V = average velocity of fluid

D= Diameter of pipe

$\mu$ = viscosity of fluid

Consider a horizontal pipe of radius ‘R’. The fluid is flowing from left to right in the pipe as shown.

Consider fluid element of radius ‘r’, sliding in a cylindrical fluid element of radius (r+dr). Let the length of fluid element be ‘dx’. If ‘P’ is intensity of pressure on the face AB, then the intensity of pressure on face CD will be $\left(P+\dfrac{\delta P}{\delta x}dx\right)$.

Forces acting on fluid elements are:-

1) The pressure force, $P\times \mu r^2$ on face AB

2) The pressure force, $\left(P+\dfrac{\delta P}{\delta x}dx\right)\pi r^2$ on face CD

3) The shear force, $\tau \times2\pi rdx$ on the surface of fluid element. As there is no acceleration, hence the summation of all the forces in the direction of flow must be zero, i.e.,

$P\mu r^2-\left(P+\dfrac{\delta P}{\delta x}dx\right)\pi r^2- \tau\times2\pi rdx =0$

$-\left(\dfrac{\delta P}{\delta x} \right)dx\pi r^2-\tau \times2\pi rdx =0$

$-\left(\dfrac{\delta P}{\delta x} \right) r- 2\tau =0$

$\left[\tau=-\dfrac{\delta P}{\delta x}.\dfrac r2 \right]$

(a) Velocity distribution is given by equation,

$u=-\dfrac1{4\mu}.\dfrac{\delta P}{\delta x}.[R^2-r^2]$

(b) Ratio of maximum velocity to average velocity:-

$\dfrac{U_{max}}{\overline{u}}=\dfrac{-\dfrac1{4\mu}.\dfrac{\delta P}{\delta x}.R^2}{\dfrac1{8\mu}.-\dfrac{\delta P}{\delta x}.R^2}=2.0$

$\text {(c) Hagen Poiseville formula: - (drop of pressure)}$

$hf=\dfrac {32\mu\overline{u}L}{\rho gD^2}$

Numericals

Q1) An oil of viscosity $0.1NS/m^2$ and relative density 0.9 is flowing through a circular pipe of diameter 50 mm and of length 300 m. The rate of flow of fluid through the pipe is 3.5 litres per second. Find the pressure drop in a length of 300 m and also the shear stress at the pipe wall.

Solution:- Given:-

Viscosity, $\mu=0.1NS/m^2$

Relative density = 0.9

$\rho_o=0.9\times1000=900kg/m^3$ (As density of water =$1000kg/m^3$)

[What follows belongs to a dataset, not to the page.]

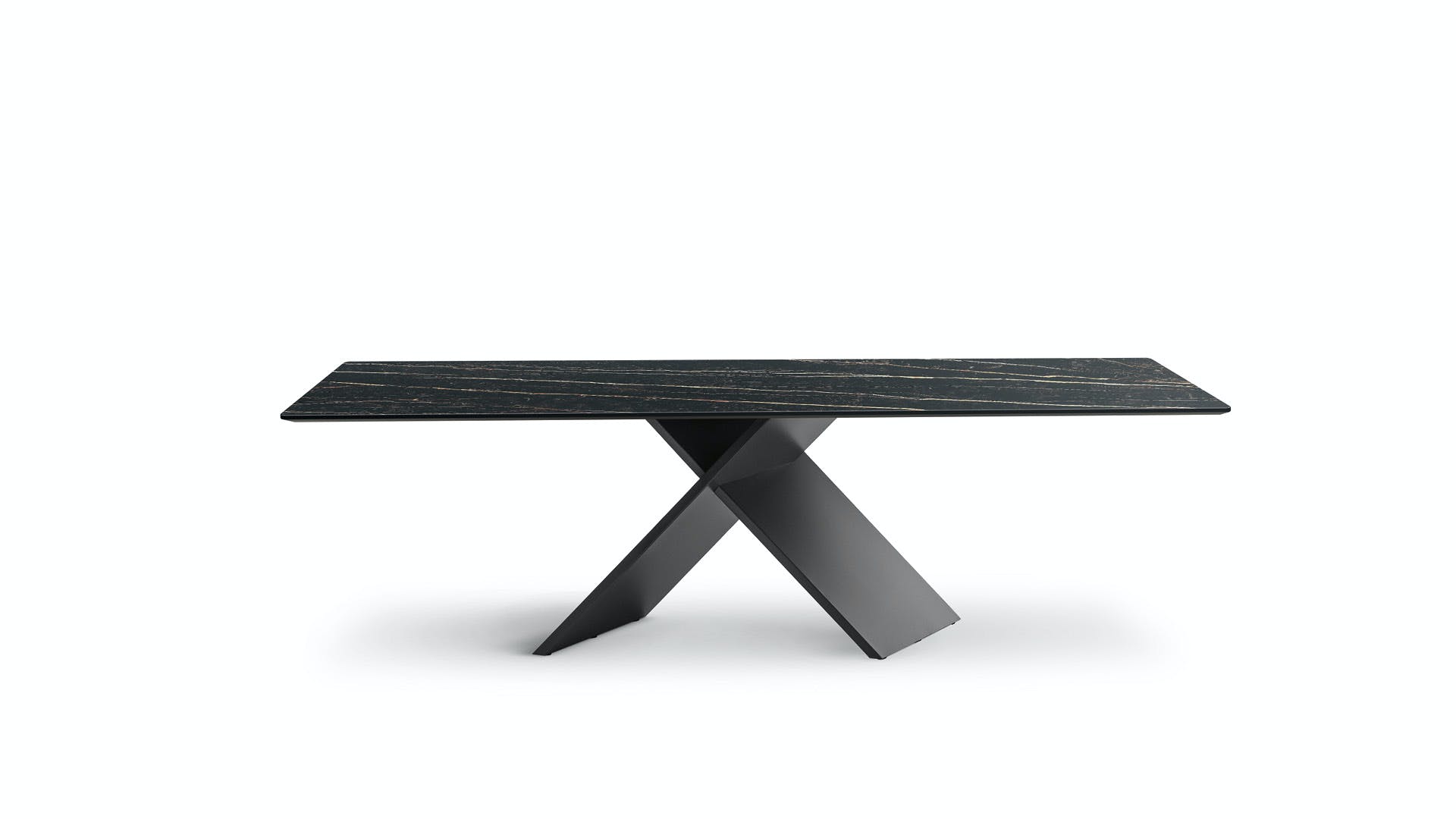 Geometric essentiality and linearity are the choices of a design language for the AX rectangular extendable dining table based on simplicity but also solidity, underlined by the sizeable base. The appeal of the material contrast between the top and the legs makes any decoration almost superfluous, enhancing the purity of the design and Bonaldo’s handcrafted excellence. The juxtaposition of very different materials underlines the contemporary feel of the design: the legs are offered in painted metal of numerous colours or burnished finish; the top, both in the fixed and extendable versions, is available in wood or ceramic. A console with the same name (AX Console) is also available for creating rooms with a coordinated style.

D=50mm=0.05m$ L=300m Q=3.5lit/s=0.0035m^3/s$

1) Pressure Drop ($P_1-P_2$)

$=\dfrac {32\mu\overline{u}L}{D^2}$

$\therefore \overline{u}=\dfrac QA$

$=\dfrac{0.0035}{\dfrac\pi4D^2}$

$=\dfrac{0.0035}{\dfrac\pi4(0.05)^2}=1.782m/s$

$R_e=\dfrac{\rho VD}{\mu}$ ($\rho=900kg/m^3, V=\overline{u}=1.782$)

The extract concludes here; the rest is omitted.